From: Andy Lutomirski
Date: Wed Sep 23 2020 - 17:35:00 EST


On Tue, Sep 22, 2020 at 10:46 AM Yu, Yu-cheng <yu-cheng.yu@xxxxxxxxx> wrote:
>
> On 9/21/2020 4:48 PM, Andy Lutomirski wrote:
> > On Mon, Sep 21, 2020 at 3:37 PM Yu-cheng Yu <yu-cheng.yu@xxxxxxxxx> wrote:
> >>
> >> On Mon, 2020-09-21 at 09:22 -0700, Yu, Yu-cheng wrote:
>
> [...]
>
> >>
> >> Here is the patch:
> >>
> >> ------
> >>
> >> From dfdee39c795ee5dcee2c77f6ba344a61f4d8124b Mon Sep 17 00:00:00 2001
> >> From: Yu-cheng Yu <yu-cheng.yu@xxxxxxxxx>
> >> Date: Thu, 29 Nov 2018 14:15:38 -0800
> >> Subject: [PATCH 34/43] x86/vsyscall/64: Fixup Shadow Stack and Indirect Branch
> >> Tracking for vsyscall emulation
> >>
> >> Vsyscall entry points are effectively branch targets.

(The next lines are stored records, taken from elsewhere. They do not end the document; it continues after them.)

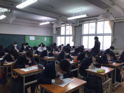 写真下は2年3組。小テストに真剣に取り組んでいます。テストが終わったら勉強は終わり、ではありませんね。何のために学ぶのか、しっかり自分なりに考えながら授業に取り組んでほしいと思います。
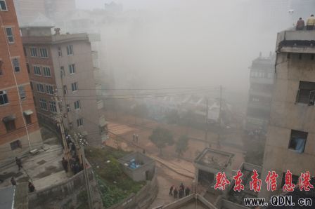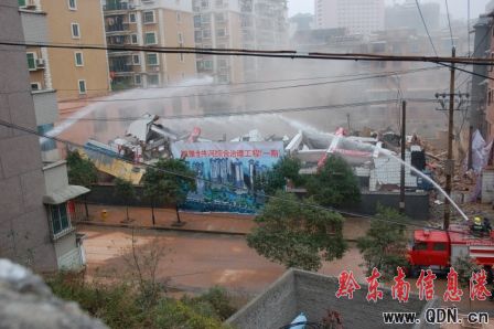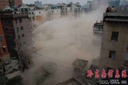 圖:第一次爆破中的凱里市國土局辦公樓及宿舍樓
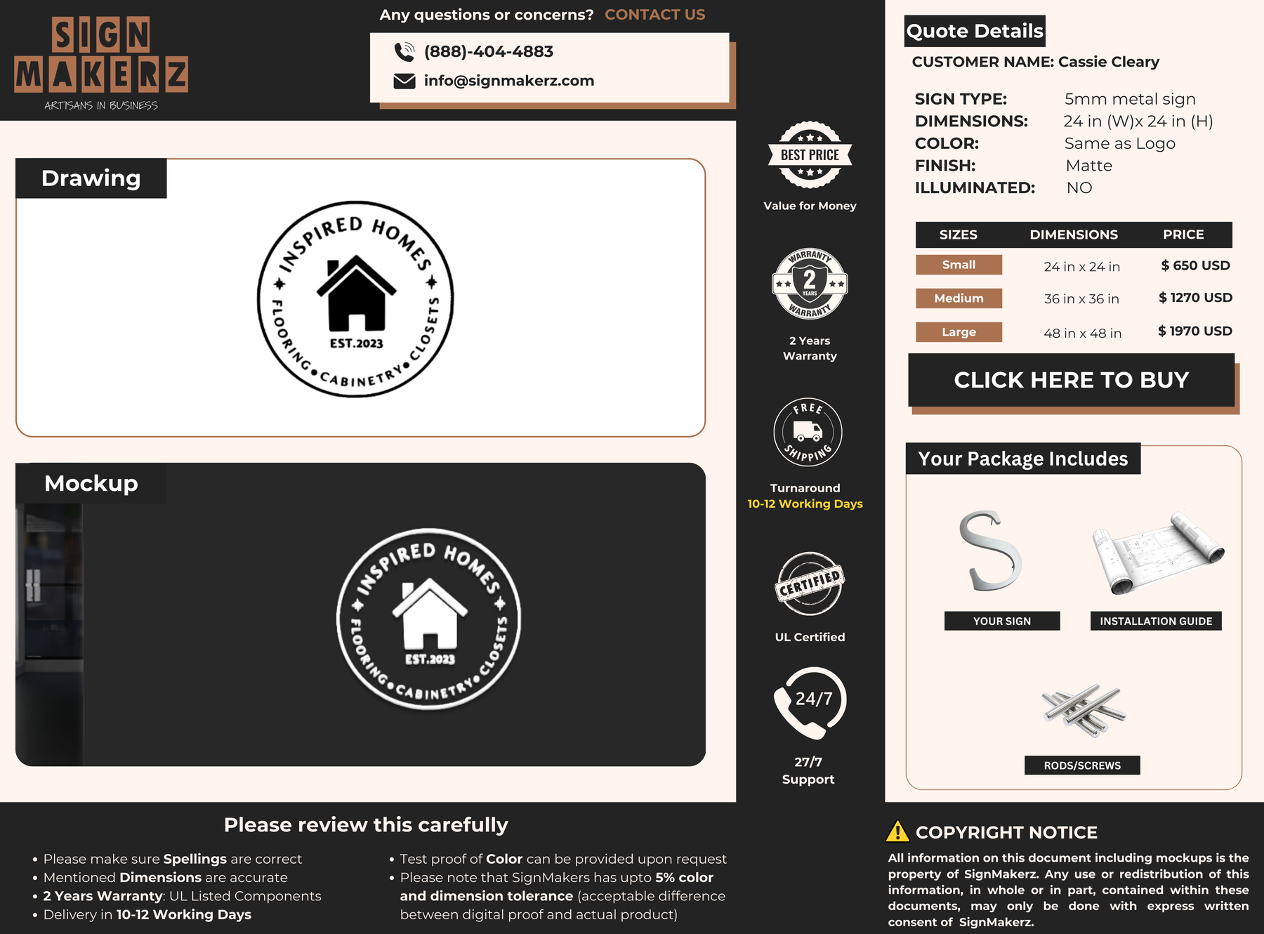 Crafted with premium material, this signage will elevate your business image, precisely mirroring your logo for a professional look.

Mark them with
> >> ENDBR64 opcodes. When emulating the RET instruction, unwind the shadow
> >> stack and reset IBT state machine.
> >>
> >> Signed-off-by: Yu-cheng Yu <yu-cheng.yu@xxxxxxxxx>
> >> ---
> >> arch/x86/entry/vsyscall/vsyscall_64.c | 29 +++++++++++++++++++++++
> >> arch/x86/entry/vsyscall/vsyscall_emu_64.S | 9 +++++++
> >> arch/x86/entry/vsyscall/vsyscall_trace.h | 1 +
> >> 3 files changed, 39 insertions(+)
> >>
> >> diff --git a/arch/x86/entry/vsyscall/vsyscall_64.c
> >> b/arch/x86/entry/vsyscall/vsyscall_64.c
> >> index 44c33103a955..0131c9f7f9c5 100644
> >> --- a/arch/x86/entry/vsyscall/vsyscall_64.c
> >> +++ b/arch/x86/entry/vsyscall/vsyscall_64.c
> >> @@ -38,6 +38,9 @@
> >> #include <asm/fixmap.h>
> >> #include <asm/traps.h>
> >> #include <asm/paravirt.h>
> >> +#include <asm/fpu/xstate.h>
> >> +#include <asm/fpu/types.h>
> >> +#include <asm/fpu/internal.h>
> >>
> >> #define CREATE_TRACE_POINTS
> >> #include "vsyscall_trace.h"
> >> @@ -286,6 +289,32 @@ bool emulate_vsyscall(unsigned long error_code,
> >> /* Emulate a ret instruction. */
> >> regs->ip = caller;
> >> regs->sp += 8;
> >> +
> >> + if (current->thread.cet.shstk_size ||
> >> + current->thread.cet.ibt_enabled) {
> >> + u64 r;
> >> +
> >> + fpregs_lock();
> >> + if (test_thread_flag(TIF_NEED_FPU_LOAD))
> >> + __fpregs_load_activate();
> >
> > Wouldn't this be nicer if you operated on the memory image, not the registers?
>
> Do you mean writing to the XSAVES area?

Yes.

>
> >
> >> +
> >> +#ifdef CONFIG_X86_INTEL_BRANCH_TRACKING_USER
> >> + /* Fixup branch tracking */
> >> + if (current->thread.cet.ibt_enabled) {
> >> + rdmsrl(MSR_IA32_U_CET, r);
> >> + wrmsrl(MSR_IA32_U_CET, r & ~CET_WAIT_ENDBR);
> >> + }
> >> +#endif
> >
> > Seems reasonable on first glance.
> >
> >> +
> >> +#ifdef CONFIG_X86_INTEL_SHADOW_STACK_USER
> >> + /* Unwind shadow stack. */
> >> + if (current->thread.cet.shstk_size) {
> >> + rdmsrl(MSR_IA32_PL3_SSP, r);
> >> + wrmsrl(MSR_IA32_PL3_SSP, r + 8);
> >> + }
> >> +#endif
> >
> > What happens if the result is noncanonical? A quick skim of the SDM
> > didn't find anything. This latter issue goes away if you operate on
> > the memory image, though -- writing a bogus value is just fine, since
> > the FP restore will handle it.
> >
>
> At this point, the MSR's value can still be valid or is already saved to
> memory. If we are going to write to memory, then the MSR must be saved
> first. So I chose to do __fpregs_load_activate() and write the MSR.
>
> Maybe we can check the address before writing it to the MSR?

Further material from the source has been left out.